Many modern software development platforms provide useful code analysis tools that can calculate metrics such as degree of coupling between components (useful to have a measure of cohesion), cyclomatic complexity (to measure conciseness), maintainability index, LOC, etc. A very important role is played by code reviews, which are the last line of defense against poorly written code and should be a fundamental part of the SDLC.
Several techniques also exist to measure the performance of the code in order to determine its ability to drive value. For high-performance systems the efficiency is assessed thru profiling, which should be an integral part of the software development pipeline. And several testing methods also exist to measure the resiliency of the code at different levels of depth, such as stress testing, load testing, chaos testing and more.

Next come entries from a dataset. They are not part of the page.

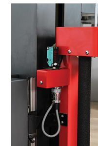
- Photocellule pour la détection de la hauteur de la palette.
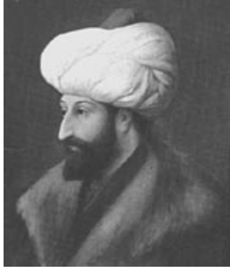
Yandaki Resim: Fatih Sultan Mehmet.

1453 yılında İstanbul'u fethederek başkent yapan Fatih Sultan Mehmet burada çok sayıda Rum Ortodoks'un yaşadığının bilincinde ve patrikhanenin öneminin farkında olup patriklik makamına yüz yüze görüştüğü Cennadios'u getirmiştir. Bir fermandan, patrikhaneye önceden sahip olduğu haklardan daha fazlasını vererek ona özerk bir statü kazandırmıştır. Fatih'in tek istediği, bir daha kesinlikle Vatikan ile birleşme çabasına girilmemesidir. Zaten seçtiği Cennadios da birleşme karşıtıdır. 12
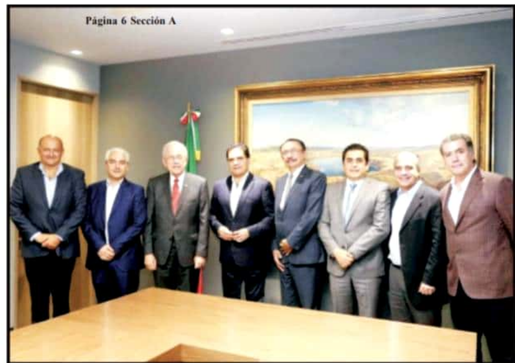
Página 6 Sección A

Dan seguimiento a proyectos prioritarios de infraestructura carretera para Michoacán
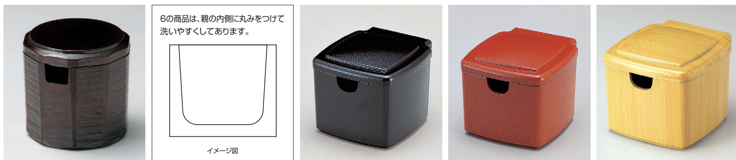
6の商品は、親の内側に丸みをつけて洗いやすくしてあります。 イメージ図 8-853-6 O-6-2 [A] 木彫ガリ入れ 枺 ¥2,700 (10.5φ×10.5) 幅100 8-853-7 1-511-1 [A] 隅丸ガリ入れ 黒刷毛目(切込有) ¥2,100 (10×11.1×8.8) 幅80 8-853-8 1-511-2 [A] 隅丸ガリ入れ 朱刷毛目(切込有) ¥2,100 (10×11.1×8.8) 幅80 8-853-9 1-511-3 [A] 隅丸ガリ入れ 白木塗(切込有) ¥2,100 (10×11.1×8.8) 幅80
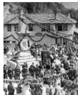
Трявна - старият град Честване на празник около 1940 год.
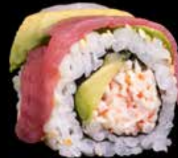
RAINBOW MAKI kr. 210,- Laks, tuna, scampi, kveite, avocado, kamskjell, crabstick, lakserogn, agurk, masago.
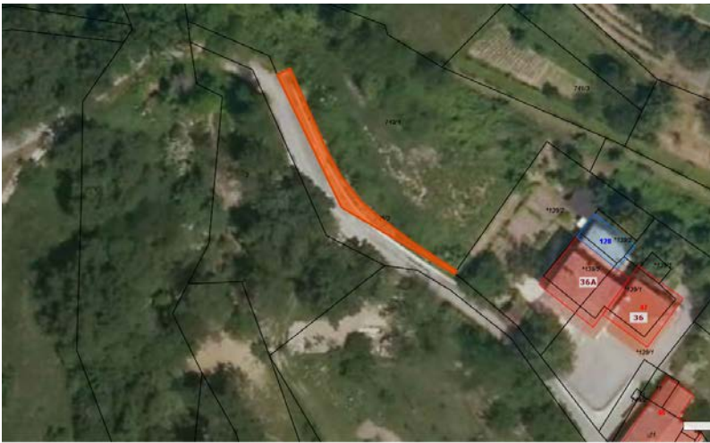
Parc. št. 745/3 k.o. Stomaž

Writing high-quality code is a pretty hard endeavor and takes a substantial amount of time. There are several characteristics that determine the value of a code base and all of them contribute to 3 main goals that should be achieved in order for the code to be considered of high quality.
Undeniably, correctness is the most important requirement as code that’s doing things wrongly or that’s unreliable and exploitable bears little to no utility, no matter how clean and efficient it is. It’s also probably the trickiest to get right as bugs can be introduced for many unpredictable reasons, and because security is too often not given much consideration.

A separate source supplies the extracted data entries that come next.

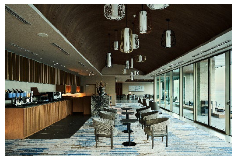
ゲストラウンジ「間 (AWAI)」

「刻」は多くの文化人に別荘地として親しまれた熱海の歴史を感じられる設えとしました。熱海の山々を感じるテラスで、思い思いにおくつろぎいただけます。
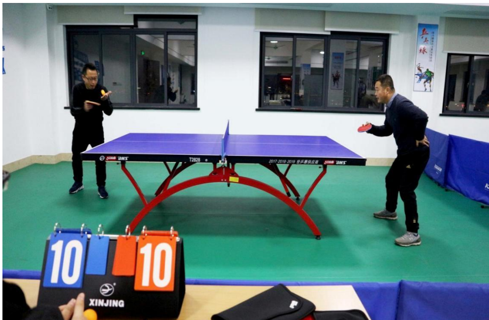
图3 员工业余文化生活一角

公司十分重视员工的精神健康，经常性地开展丰富多彩员工文体活动，调动员工的工作激情，丰富员工的业余生活，获得了员工的广泛好评，提升了员工对企业文化的认同感、归属感，提高了公司的凝聚力。
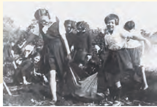
小学科: 花岡学院“林間学校用地”借用の 郊外農園
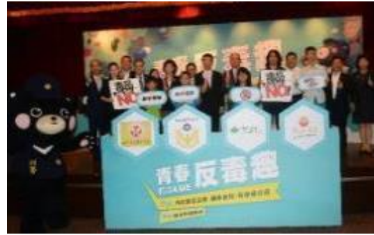
圖 26 青春反毒趣
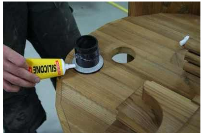
Nu er et godt tidspunkt at installere en bundventil. læg silikone på trådene.
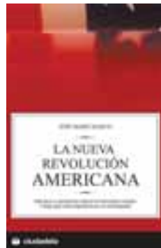
LA NUEVA REVOLUCIÓN AMERICANA Autor: José María Marco Editorial: Ciudadela Páginas: 416 Precio: 23 euros.

On the other hand, code is developed to serve a business scope and to create value. This entails considering the economics aspect of it, that is how it creates value given its running costs. In this context, writing clear code, regardless of the type of system, is certainly a way to achieve a business goal by reducing the cost of maintenance and adjustment to changing business directions.
At the same time, performance, resiliency and adaptability are determining factors for the efficiency of most commercial systems in terms of added value, and are the driving aspects in measuring how “useful” the code is for the business. In the end, stakeholders won’t be impressed by how beautifully the code is written, rather by how good it is at generating profit.
Even though in real-world scenarios there are often trade-offs to be made between writing good code and meeting business goals, striving for a correct, clear and cost-efficient codebase will certainly pay off as it will minimize the risk of accumulating technical debt and will serve both commercial and engineering requirements. A win-win situation.